## What you need to do
Word for word, give the data again without its pictures.
------ Exercise data ------
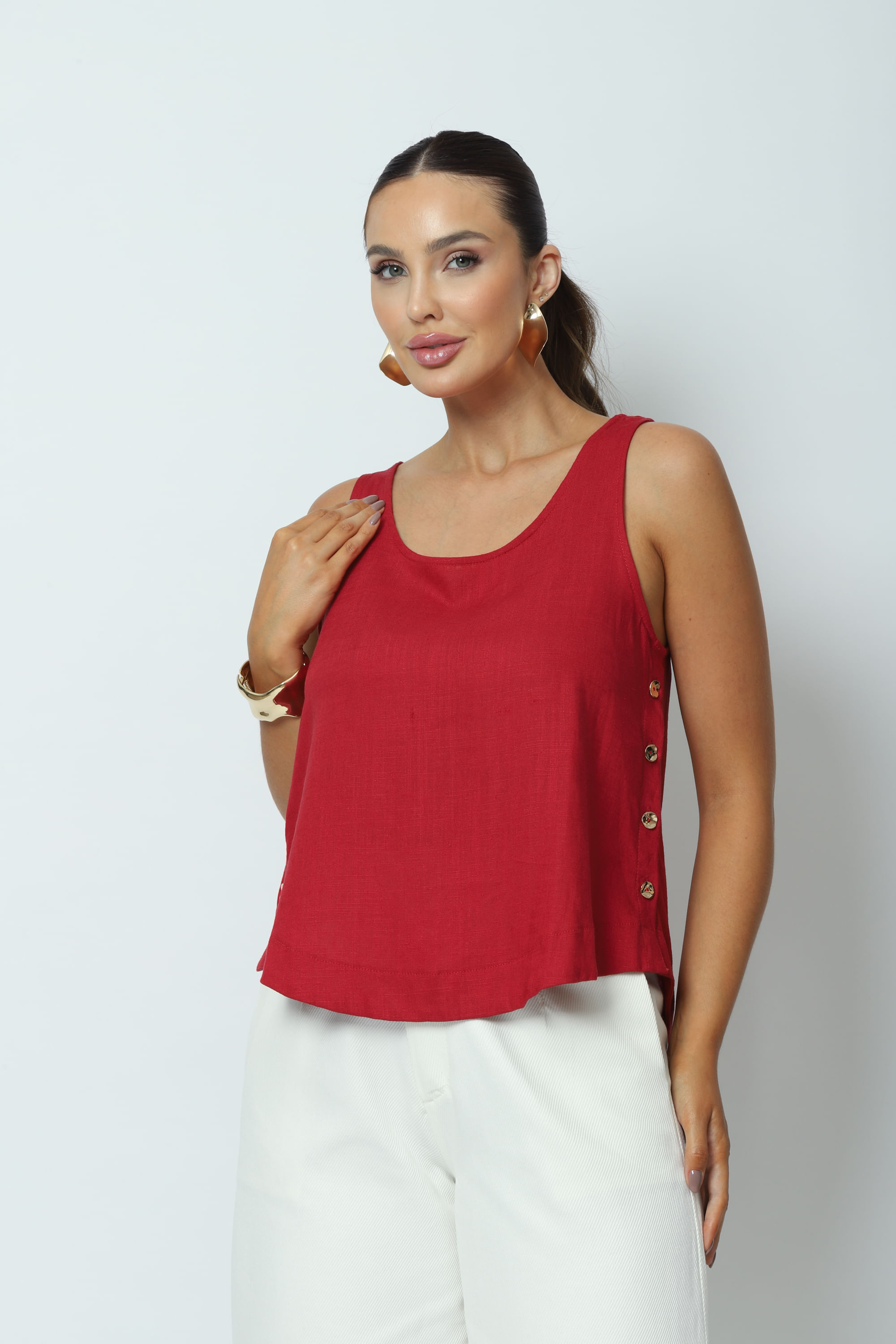 Descrição Regata soltinha, barra arredondada, com frente ligeiramente mais curta, alças largas e o destaque da regata fica nas laterais, com botões em dourado. Confeccionada em uma mistura de viscose e linho.
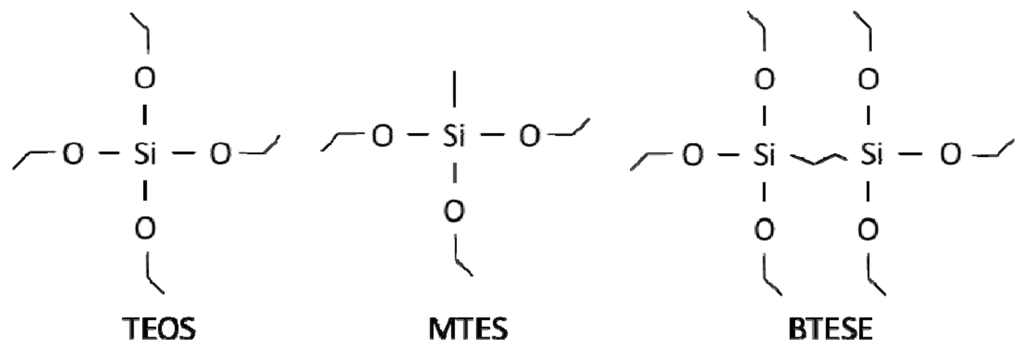Precursors used for the preparation of pure (TEOS), methylated (MTES) and hybrids (BTESE) silica membranes.
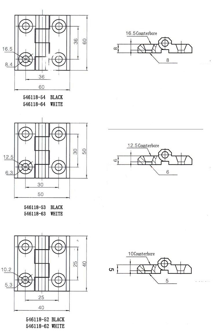 Industrial Hinges with Zinc Alloy 60x60mm 1 Pair
------
## Answer to the problem
 Descrição Regata soltinha, barra arredondada, com frente ligeiramente mais curta, alças largas e o destaque da regata fica nas laterais, com botões em dourado. Confeccionada em uma mistura de viscose e linho.
Precursors used for the preparation of pure (TEOS), methylated (MTES) and hybrids (BTESE) silica membranes.
 Industrial Hinges with Zinc Alloy 60x60mm 1 Pair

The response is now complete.